King Buzzo: Exactly.

McDonald: It’s hard to understand how someone else might perceive you.

RIFF: What’s different about making records now?

King Buzzo: Everything changes. But I’m not afraid of it; that’s for sure. I was never really concerned about what people thought of our records. I just wanted to make records that I liked. And I’m still doing that, so that hasn’t changed.

RIFF: When you look at the trajectory of your music, do you see a trend or way that it has developed? Has it evolved for you?

King Buzzo: Yeah, I’d like to think. It’s tough to not retread some of the same territory. I mean, someone like Neil Young or Bob Dylan sound[s] like them no matter what they do. It’s difficult to get out of that.

RIFF: Your music has become more sophisticated.

King Buzzo: I’d like to think so. Well, the Ozma record, we got pretty crazy with it pretty quickly.

RIFF: The Treasure of the Sierra Madre is one of your favorites and has been an influence on your music. The movie has some pretty interesting themes about success and money can do to people. Do you think that’s an accurate portrayal of what success and money can do to people? Is that one of the things that appeals to you about the movie?
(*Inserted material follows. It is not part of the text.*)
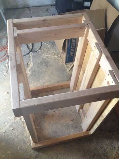 Porque teníamos los empalmes de media caña hay un 3/4 espacio entre los montantes y la dimensión exterior de la base y la tapa, que trabajó perfecto para poner 3/4 capas en como revestimiento. Así que sabía mi bote de basura fue mucho menor que la profundidad máxima del contador, así que pensé que yo podría hacer algún almacenamiento uso del espacio de sobra.
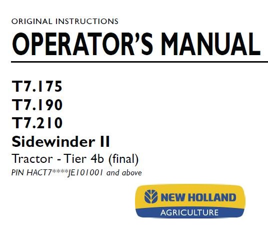 Read This New Holland T7.175, T7.190, T7.210 Sidewinder II Tier 4b (final) Tractor Operator’s Manual carefully to learn how to operate and service your machine correctly. Failure to do so could result in personal injury or equipment damage.

King Buzzo: Not a happy ending. What appeals to me about that movie is the storyline, and how it’s directed, and how it’s acted. … It’s not the weirdest, craziest story I’ve ever seen or anything, but the way they put the movie together, I thought it was really cool. I just think it’s really good. There’s not a single scene in that movie that doesn’t need to be there.

RIFF: So it’s not that it’s an anti-capitalist screed or anything?

King Buzzo: I didn’t get that out of it.

RIFF: But it does seem to be a really negative depiction of the effects of success, and since you’ve been close to success if you’ve seen any of that in real life.

King Buzzo: Well, I can take a quote from the movie where he says, “It might be good to not put things strictly on a money basis.” If that’s how we’re looking at things, then who among us is successful? … John Huston was a genius, when you take that he made that movie and then you look at everything else he made; everything from Wiseblood to Annie to Reflections in a Golden Eye and A Walk with Love and Death, our new album. He made a movie called that too.

The Melvins, Melvins, King Buzzo

King Buzzo of the Melvins perform at the Great American Music Hall in San Francisco on July 10, 2017.

RIFF: A Walk with Love and Death was created as a soundtrack to a film. Tell me a little about the soundtrack aspect; is there an accompanying film in the pipeline?

King Buzzo: It’s getting made now. We’re working with a guy named Jesse Neiman from Atlanta, so, we’ll see what happens. We’re big fans of (Alejandro Jodorowsky’s) Holy Mountain, and David Lynch and Forbidden Planet.

RIFF: Those are good ones, yeah.

King Buzzo: They’re weird.

RIFF: Why does “weird” speak to you? Obviously it doesn’t speak to everybody or it wouldn’t be weird.

King Buzzo: I’m a weird guy. We all like … John Waters, lots of things we can laugh at. We all have good senses of humor. If you look at a movie list [of] a fundamental Christian, it’ll be different. It won’t be as weird.

RIFF: Does “weird” critique the world in a way that’s more satisfying to you?

King Buzzo: I have no idea what the world wants. I only know is what I like. And generally, my tastes tend to be weirder than what the general public likes. And then, once in a while, my tastes add right along with what the general public likes. I don’t know why. I have no idea, but I’m not trying to be perverse. I’m not just doing it to be weird.